━━ Task input
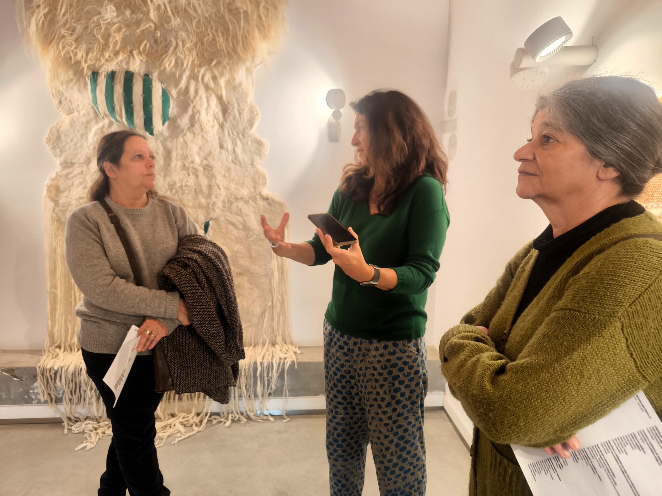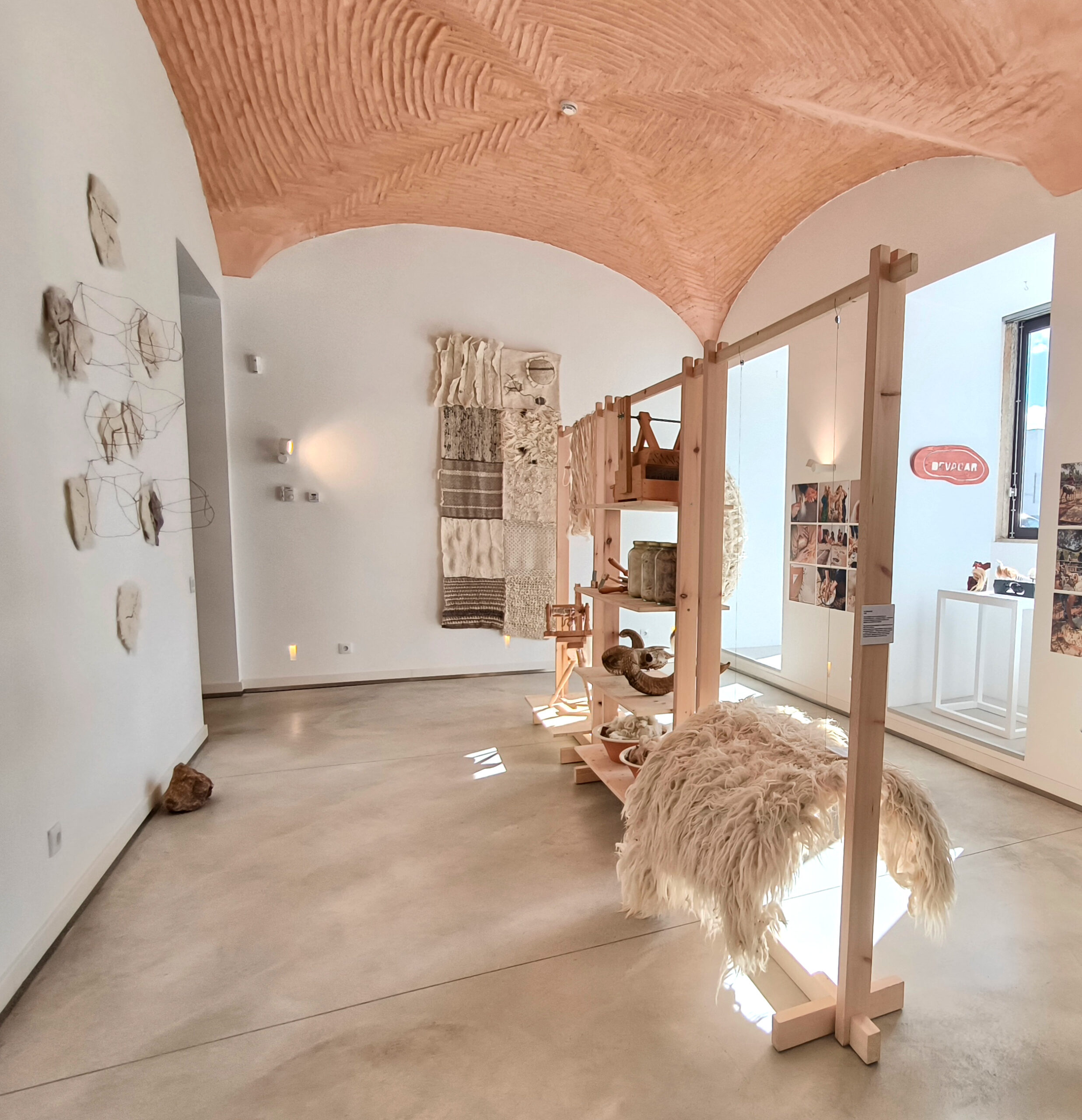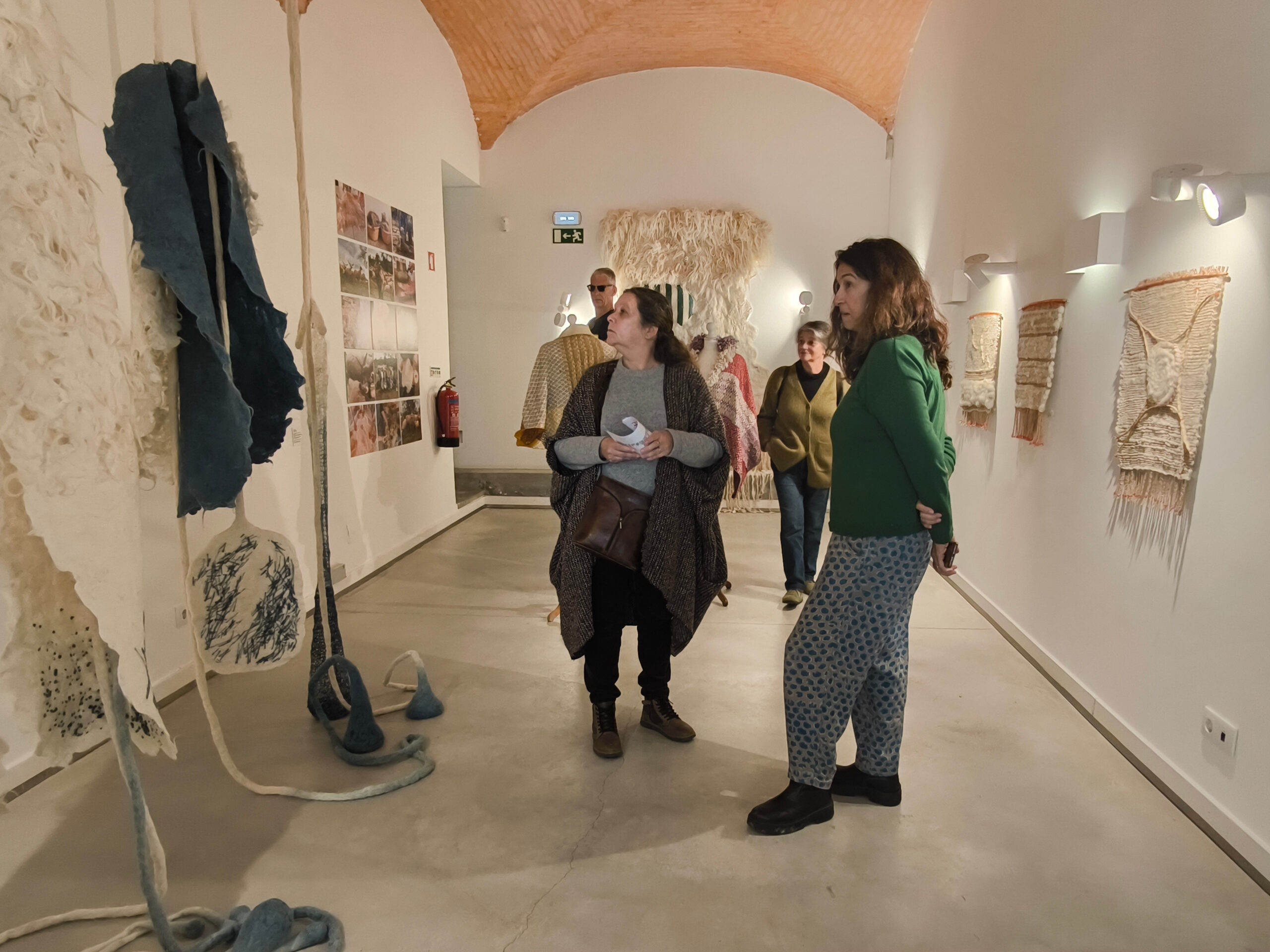 (es) Hace algún tiempo, Margarida había planteado la idea de hacer una excursión a Loulé para visitar la exposición «Alinhados pela mesma lã». Según explica el folleto, esta exposición nació de un gesto colectivo: siete artistas se reunieron para trabajar con un material ancestral, la lana de una raza ovina autóctona, la «oveja churra algaviana», con el fin de escuchar al paisaje y hacer tangible y comprensible el paso del tiempo. Durante varios meses, experimentaron con sus manos, sus cuerpos y sus mentes el ciclo de la lana, desde la esquila hasta el hilado, pasando por la exploración artística y artesanal del material. Esta exposición muestra el resultado de ese viaje: una cartografía sensible de texturas, recuerdos y reinvenciones.
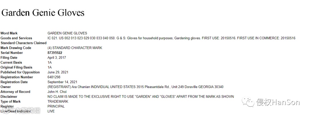 原告投诉品牌:;Garden Genie Gloves 花园精灵手套
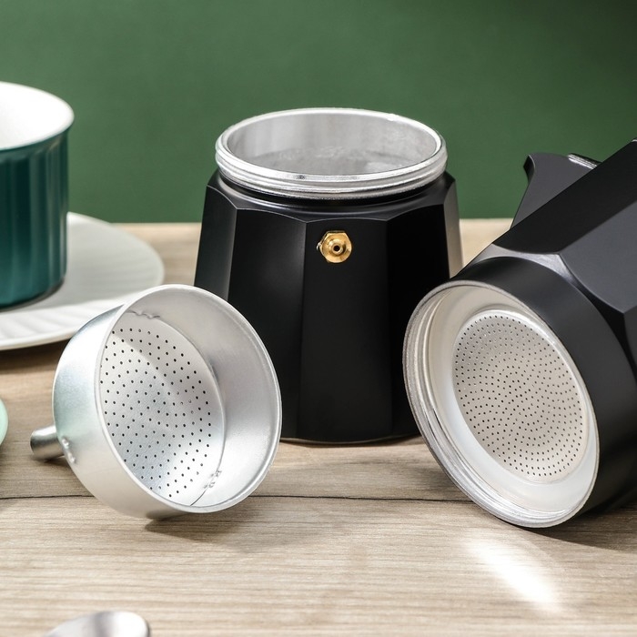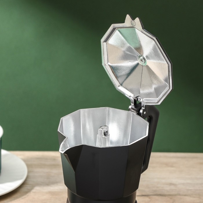 Кофеварка гейзерная Доляна Alum black, на 6 чашек, 300 мл, цвет чёрный
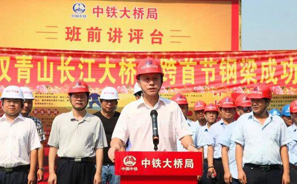 2018年8月8日上午,武漢青山長江大橋主跨鋼梁首架儀式在武昌岸現(xiàn)場舉行。中鐵大橋局副總經(jīng)理張春新出席活動并致詞,武漢交投總經(jīng)理陳順平出席儀式并宣布大橋主跨首節(jié)鋼梁架設(shè)成功,中鐵大橋院副總經(jīng)理莊勇出席了活動。
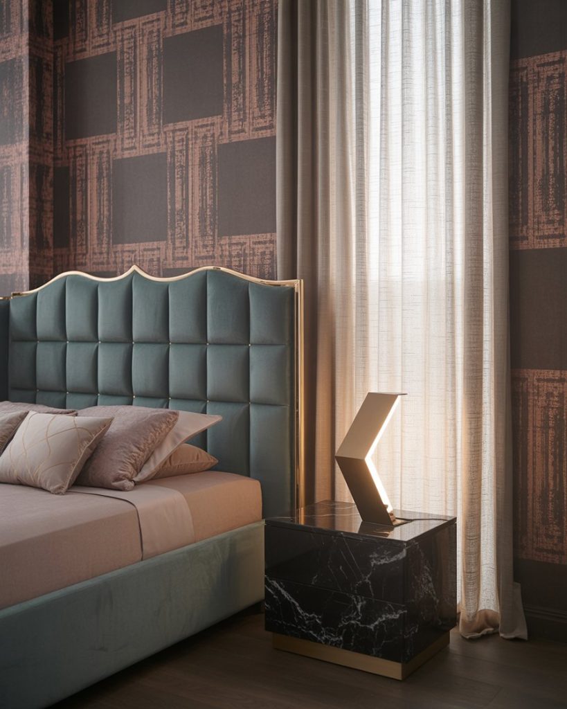Pop design accents such as sculptural ceiling light fixtures, bold geometric wall décor, or wildly patterned rugs inject a fun yet classy energy into a luxurious bedroom. Such a theme caters to modern luxury ideas for couples and luxe ideas for women, mixing elegance with personality. Kelly Wearstler reminds us all: the more you dare to mix; the more edgy and memorable your bedroom becomes.
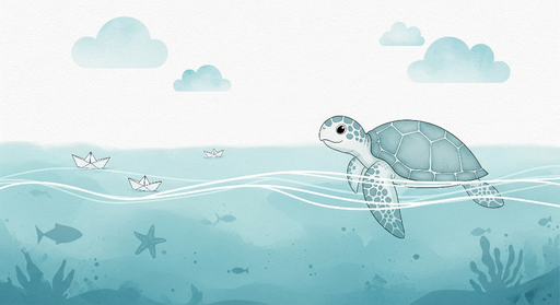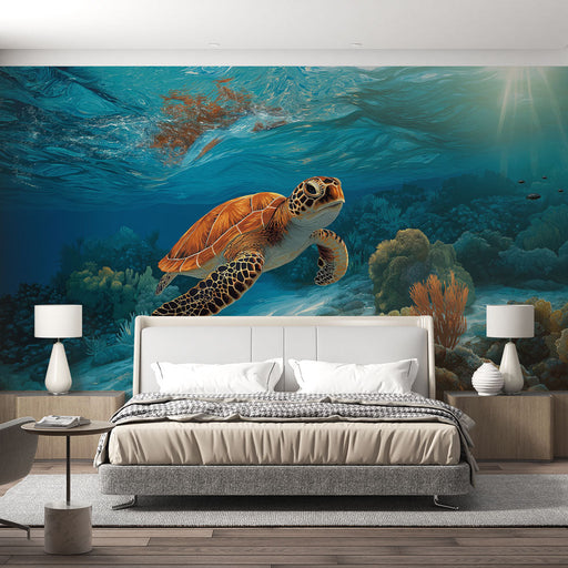 WonderMuralTato tapeta evokuje uklidňující podmořský svět s motivem mořské želvy, která se elegantně pohybuje mezi vlnami. Její jasný a jemný design spolu s d...
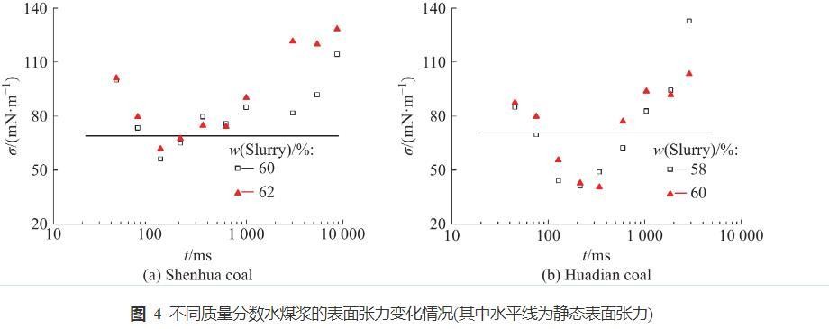不同质量分数水煤浆表面张力的变化情况如图4所示。可以看出:不同条件下水煤浆的动态表面张力变化情况比较一致,随着特征气泡时间(t)的增加,动态表面张力均先减小后增加,在气泡特征时间为200 ms附近出现最小值;而水煤浆的动态表面张力与静态表面张力存在显著差异,在气泡特征时间较小或较大时,动态表面张力均大于静态表面张力。
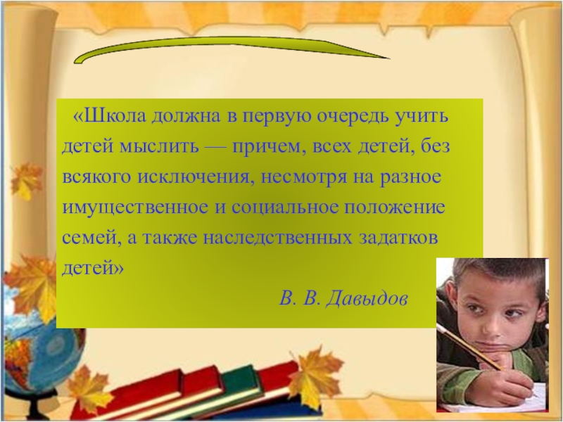 воспринимает знания не как сведения для запоминания, а как знания, которые он осмысливает и может применить в жизни. Используя такой подход, школа способна сформировать у ребёнка представление о дисциплине, как о системе знаний о мире, выраженном в числах (математика),
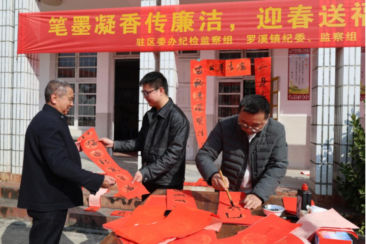 新春佳节将至,驻区委办纪检监察组与罗溪镇纪委“组地”联动,通过“送春廉”形式开展廉洁文化宣传活动,传递廉洁理念。图为驻区委办纪检监察组向监督单位的党员干部赠送春联。
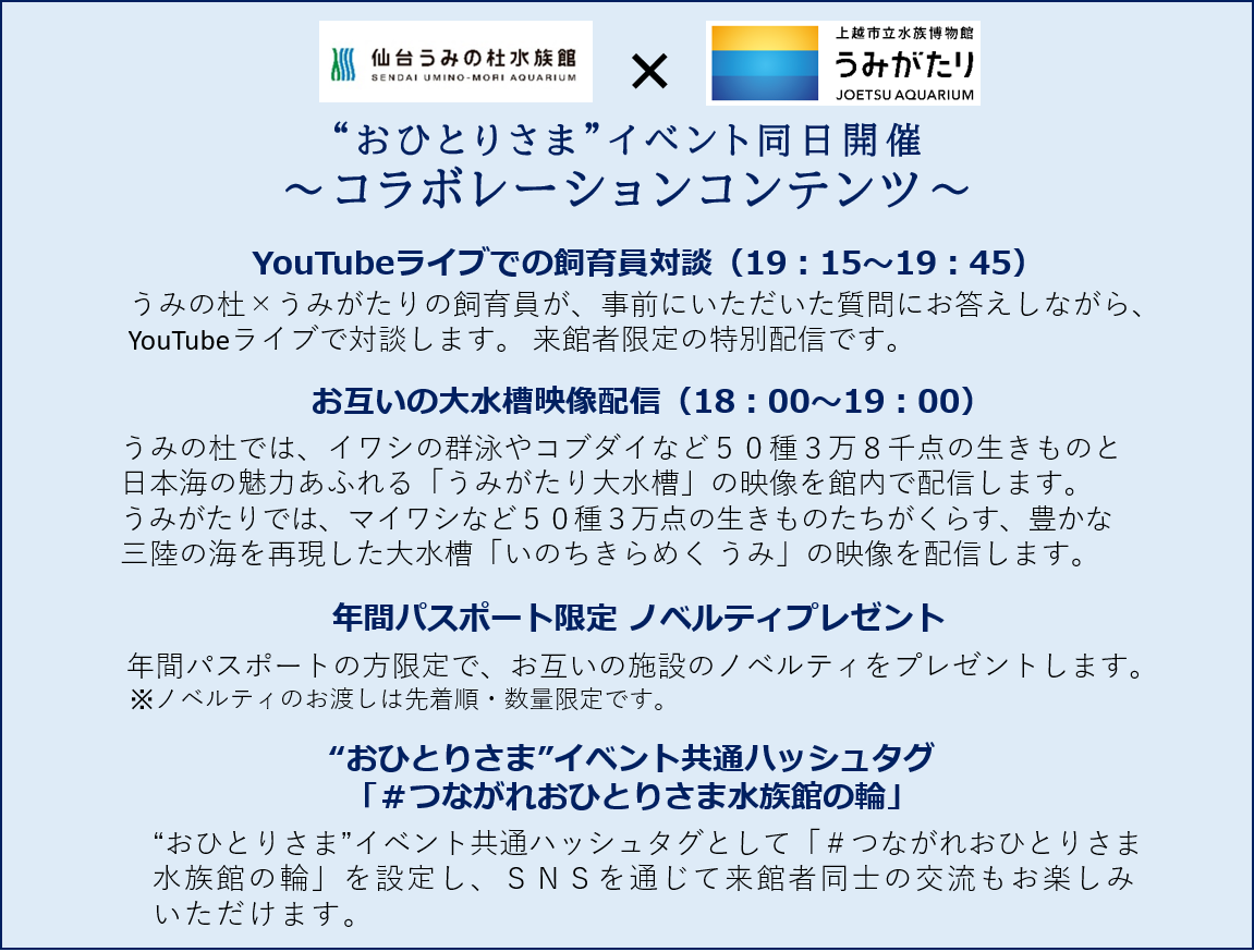 そして、今回『仙台うみの杜水族館』と上越市立水族博物館 『うみがたり』の“おひとりさま”イベントの同時開催が実現し、より多くの方にお楽しみいただけるイベントへと進化しました。グループ施設のつながりを活かしたコラボレーションコンテンツで、さらに充実した時間をお過ごしいただけます。
━━━━
◆ **What you are asked to do**: The records above are to be copied exactly, with no pictures carried over.

◆ **Solution for this exercise**:
 (es) Hace algún tiempo, Margarida había planteado la idea de hacer una excursión a Loulé para visitar la exposición «Alinhados pela mesma lã». Según explica el folleto, esta exposición nació de un gesto colectivo: siete artistas se reunieron para trabajar con un material ancestral, la lana de una raza ovina autóctona, la «oveja churra algaviana», con el fin de escuchar al paisaje y hacer tangible y comprensible el paso del tiempo. Durante varios meses, experimentaron con sus manos, sus cuerpos y sus mentes el ciclo de la lana, desde la esquila hasta el hilado, pasando por la exploración artística y artesanal del material. Esta exposición muestra el resultado de ese viaje: una cartografía sensible de texturas, recuerdos y reinvenciones.
 原告投诉品牌:;Garden Genie Gloves 花园精灵手套
 Кофеварка гейзерная Доляна Alum black, на 6 чашек, 300 мл, цвет чёрный
 2018年8月8日上午,武漢青山長江大橋主跨鋼梁首架儀式在武昌岸現(xiàn)場舉行。中鐵大橋局副總經(jīng)理張春新出席活動并致詞,武漢交投總經(jīng)理陳順平出席儀式并宣布大橋主跨首節(jié)鋼梁架設(shè)成功,中鐵大橋院副總經(jīng)理莊勇出席了活動。
Pop design accents such as sculptural ceiling light fixtures, bold geometric wall décor, or wildly patterned rugs inject a fun yet classy energy into a luxurious bedroom. Such a theme caters to modern luxury ideas for couples and luxe ideas for women, mixing elegance with personality. Kelly Wearstler reminds us all: the more you dare to mix; the more edgy and memorable your bedroom becomes.
 WonderMuralTato tapeta evokuje uklidňující podmořský svět s motivem mořské želvy, která se elegantně pohybuje mezi vlnami. Její jasný a jemný design spolu s d...
不同质量分数水煤浆表面张力的变化情况如图4所示。可以看出:不同条件下水煤浆的动态表面张力变化情况比较一致,随着特征气泡时间(t)的增加,动态表面张力均先减小后增加,在气泡特征时间为200 ms附近出现最小值;而水煤浆的动态表面张力与静态表面张力存在显著差异,在气泡特征时间较小或较大时,动态表面张力均大于静态表面张力。
 воспринимает знания не как сведения для запоминания, а как знания, которые он осмысливает и может применить в жизни. Используя такой подход, школа способна сформировать у ребёнка представление о дисциплине, как о системе знаний о мире, выраженном в числах (математика),
 新春佳节将至,驻区委办纪检监察组与罗溪镇纪委“组地”联动,通过“送春廉”形式开展廉洁文化宣传活动,传递廉洁理念。图为驻区委办纪检监察组向监督单位的党员干部赠送春联。
 そして、今回『仙台うみの杜水族館』と上越市立水族博物館 『うみがたり』の“おひとりさま”イベントの同時開催が実現し、より多くの方にお楽しみいただけるイベントへと進化しました。グループ施設のつながりを活かしたコラボレーションコンテンツで、さらに充実した時間をお過ごしいただけます。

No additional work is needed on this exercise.